### Required action
There are pictures in the records below; leave them out and set down exactly the lines from the one holding "6月28日,中国铁矿石价格指" through the one holding "表8 2018年第一季度与去年同期欧盟RASFF召回食品前5类产品比对".

### Data extract

● ● ● ●

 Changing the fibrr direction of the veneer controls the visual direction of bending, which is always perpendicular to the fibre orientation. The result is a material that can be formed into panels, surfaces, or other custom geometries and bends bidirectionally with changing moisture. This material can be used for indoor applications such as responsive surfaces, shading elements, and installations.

● ● ● ●

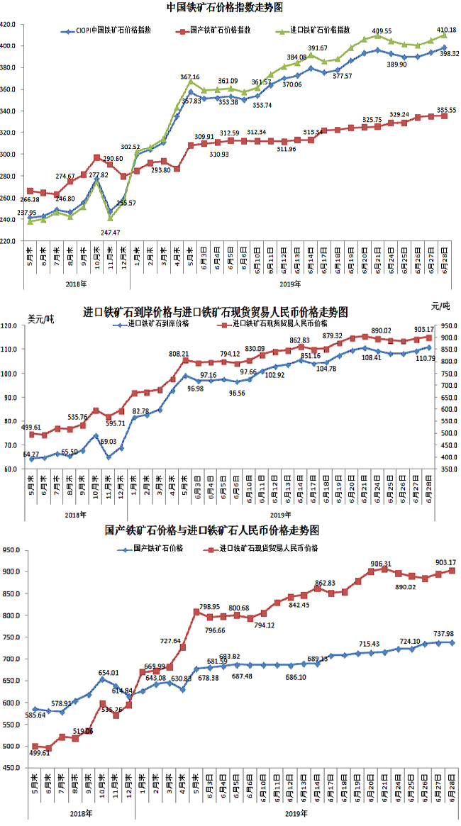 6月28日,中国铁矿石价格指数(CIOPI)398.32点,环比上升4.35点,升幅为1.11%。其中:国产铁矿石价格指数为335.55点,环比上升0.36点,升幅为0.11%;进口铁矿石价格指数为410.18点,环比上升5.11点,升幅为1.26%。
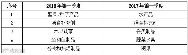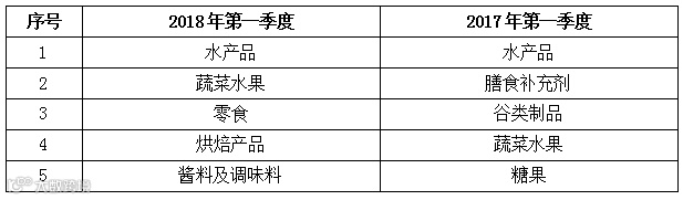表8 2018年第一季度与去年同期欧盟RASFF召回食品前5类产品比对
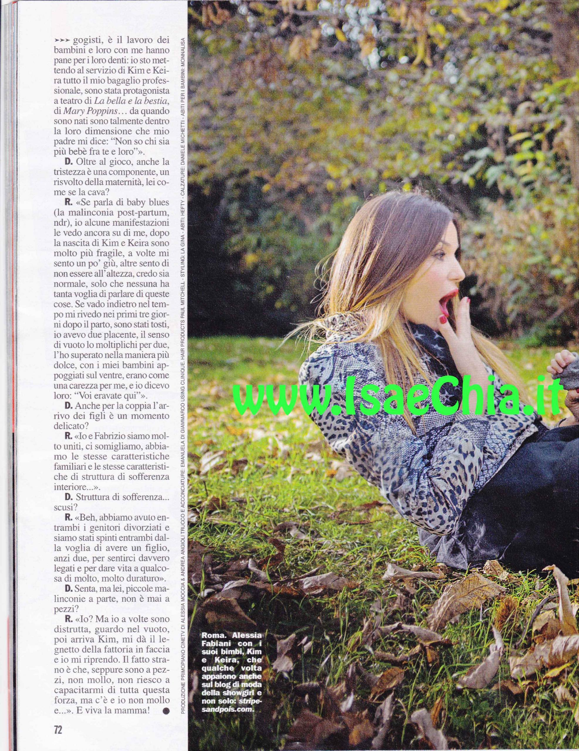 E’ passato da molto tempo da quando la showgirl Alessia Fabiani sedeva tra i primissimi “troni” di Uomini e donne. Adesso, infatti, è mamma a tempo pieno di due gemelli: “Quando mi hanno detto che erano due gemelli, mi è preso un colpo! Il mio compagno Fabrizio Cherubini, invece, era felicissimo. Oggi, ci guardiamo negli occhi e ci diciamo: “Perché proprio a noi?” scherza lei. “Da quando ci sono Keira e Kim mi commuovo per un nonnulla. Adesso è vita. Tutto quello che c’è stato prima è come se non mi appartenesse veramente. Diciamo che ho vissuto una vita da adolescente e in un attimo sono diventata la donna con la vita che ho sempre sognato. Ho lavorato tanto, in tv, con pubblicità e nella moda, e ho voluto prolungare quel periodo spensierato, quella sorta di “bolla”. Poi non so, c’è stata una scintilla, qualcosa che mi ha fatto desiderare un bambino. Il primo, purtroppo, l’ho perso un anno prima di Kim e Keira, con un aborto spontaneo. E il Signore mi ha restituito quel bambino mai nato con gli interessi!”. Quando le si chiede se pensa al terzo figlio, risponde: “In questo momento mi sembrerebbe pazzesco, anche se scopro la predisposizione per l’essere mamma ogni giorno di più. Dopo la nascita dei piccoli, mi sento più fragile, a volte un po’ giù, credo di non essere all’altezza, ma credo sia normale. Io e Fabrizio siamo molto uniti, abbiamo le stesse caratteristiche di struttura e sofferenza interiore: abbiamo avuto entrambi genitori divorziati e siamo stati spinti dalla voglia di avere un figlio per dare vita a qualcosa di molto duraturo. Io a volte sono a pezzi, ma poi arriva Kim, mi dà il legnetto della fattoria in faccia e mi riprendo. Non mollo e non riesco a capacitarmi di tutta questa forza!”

● ● ● ●

### Exercise output
 6月28日,中国铁矿石价格指数(CIOPI)398.32点,环比上升4.35点,升幅为1.11%。其中:国产铁矿石价格指数为335.55点,环比上升0.36点,升幅为0.11%;进口铁矿石价格指数为410.18点,环比上升5.11点,升幅为1.26%。
表8 2018年第一季度与去年同期欧盟RASFF召回食品前5类产品比对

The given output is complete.